A商品取引所における幅広い品揃えのための制度整備
国際的な動向などを踏まえ、取引所間の資本提携や商品取引所が金融商品を取扱うことについて、早急に検討する。商品取引所法と金融商品取引法は異なる法目的、規則体系を有しているから、商品取引所が金融商品を取扱う場合には金融商品取引法の規制で、金融商品取引所(その持株会社の子会社含む)が商品先物市場を開設する場合は商品取引所法の規制の下で行う。
B商品先物市場の競争力強化
金融・資本市場の競争力強化は、これと密接な関係を有する商品先物市場も同時に競争力強化をしていくことが重要である。

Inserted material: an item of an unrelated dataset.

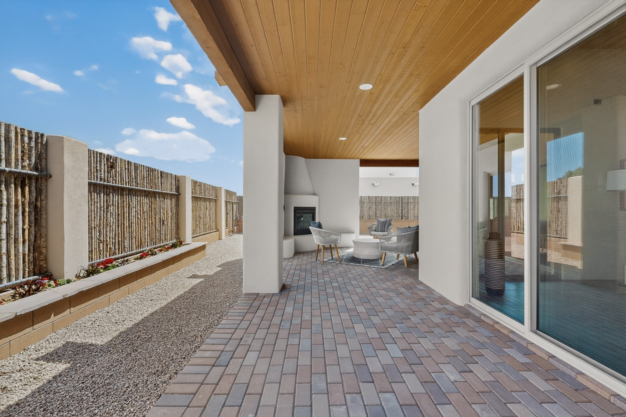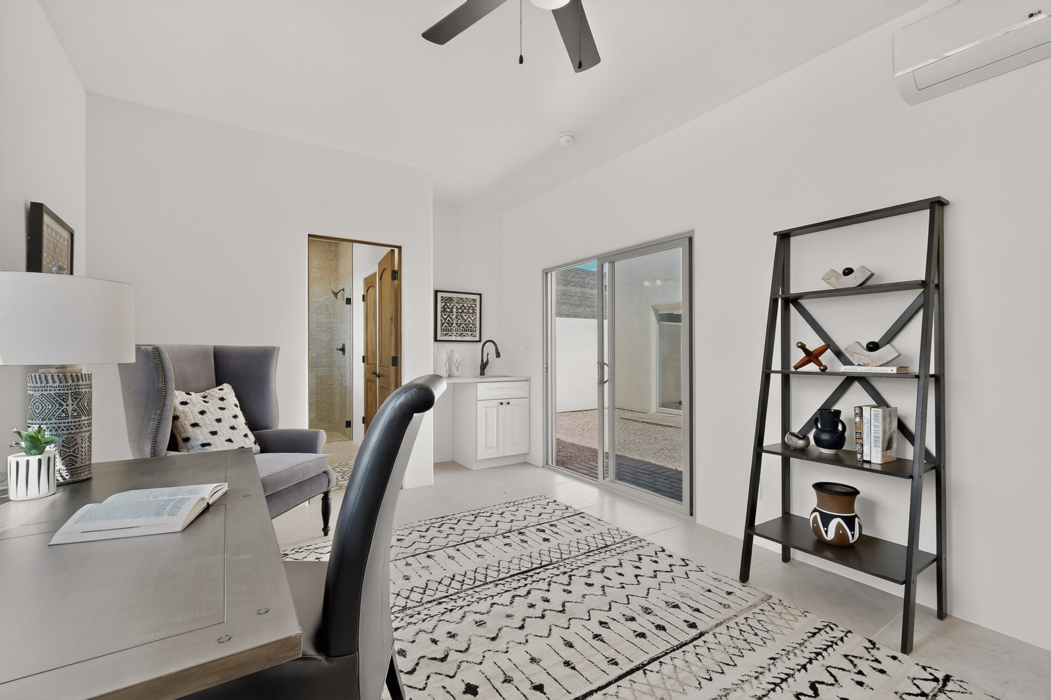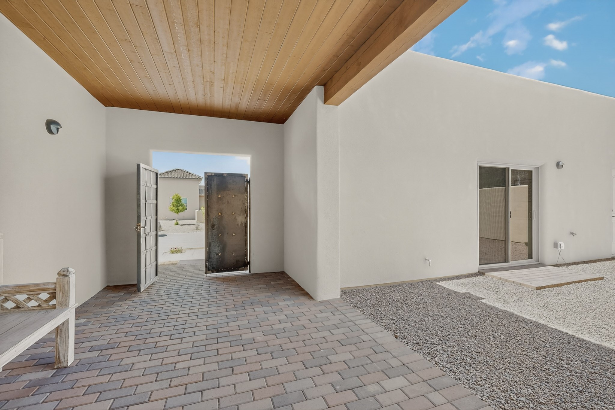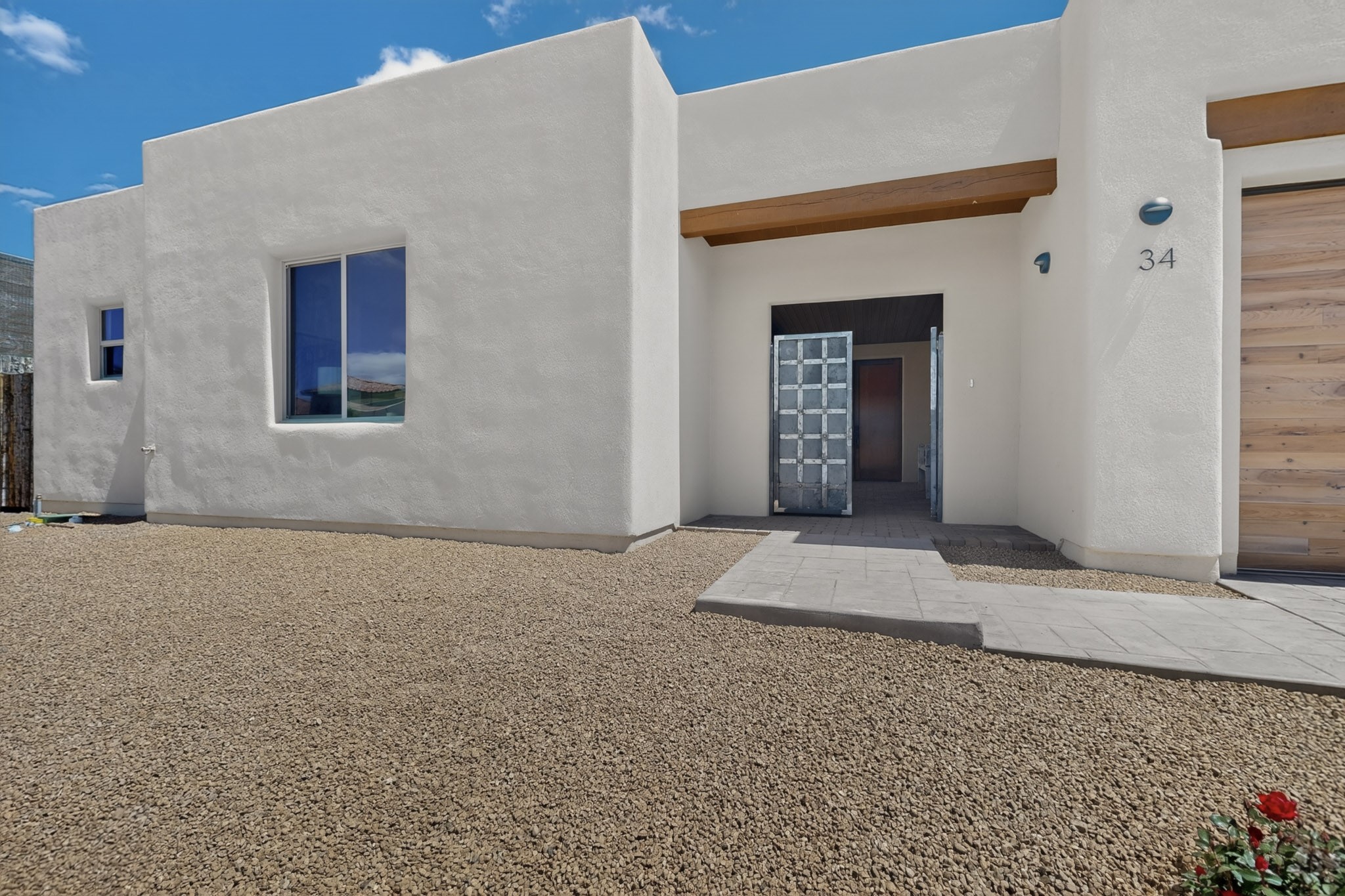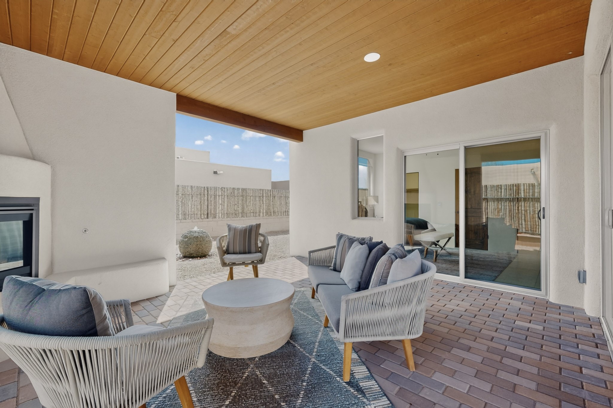 Sited on a quiet lot in Phase 4 of the La Pradera Subdivision this delightful Zaguanita Plan with its rich and sophisticated colors is entered through a lockable double wrought iron gate into a covered entry (a "Zaguan") with brick pavers and an open private courtyard. On your left is a separate living unit featuring a bedroom, three-quarter bath, independent HVAC, tankless water heater, tiled shower, white cabinets with grey quartz countertops, sink, and under-counter fridge. The main entry leads to the formal entry with a lighted nicho and boveda ceiling. To the left is the owner's suite with a barn door entry to the owner's suite bath with a large walk-in shower with euro-style shower fixtures and an overhead rain shower head. Two large closets are separated by a commode closet. Directly ahead of the entrance is the open living room with walnut stained beams and T&G planking offset with grey quartz countertops, a kiva fireplace and an open kitchen with an oversized counter. The kitchen and guest bedroom both open out to a covered portal that has a gas-fired kiva fireplace and brick pavers. To the right is the guest bedroom bath that can also serve as a powder room. The open kitchen has white cabinets. All floors are tiled with light gray porcelain planks. The exterior is a contemporary design with a TPO roof. The driveway is a colored stamped concrete design, and the insulated 3-car garage includes an epoxy-coated floor.

そのためには市場の利便性の向上・幅広い品揃えの実現・市場参加者の多様化などを進める。
C金融分野の運用資産が商品先物市場に流入しやすい環境の整備
銀行や保険会社などの金融機関は現物の受渡ができないと参入しずらい。現行では差金決済しか認められていないが、現物受渡しの決済に伴う法令上のリスクを懸念することなく、商品先物市場で取引できるように制度整備する。
年金など金融市場で運用されている資金が、商品先物市場に流入しやすい環境を整えるる。
取引所の競争力強化については、経済財政諮問会議の「金融・資本市場競争力強化プラン」の中で、「取引所んおいて株式・債券・金融先物・商品先物など総合的に幅広い品揃えを可能にする具体策を検討する」ことで結論を得ている。
また金融審議会金融分科会第一部では、取引所の経営基盤を強化し国際競争力を高めていくには、取引所間の資本提携を通じたグループ化等によって、株式・債券や金融デリバティブ、商品デリバティブまでのフルラインの品揃えを可能にする土台をつくる必要がある、としている。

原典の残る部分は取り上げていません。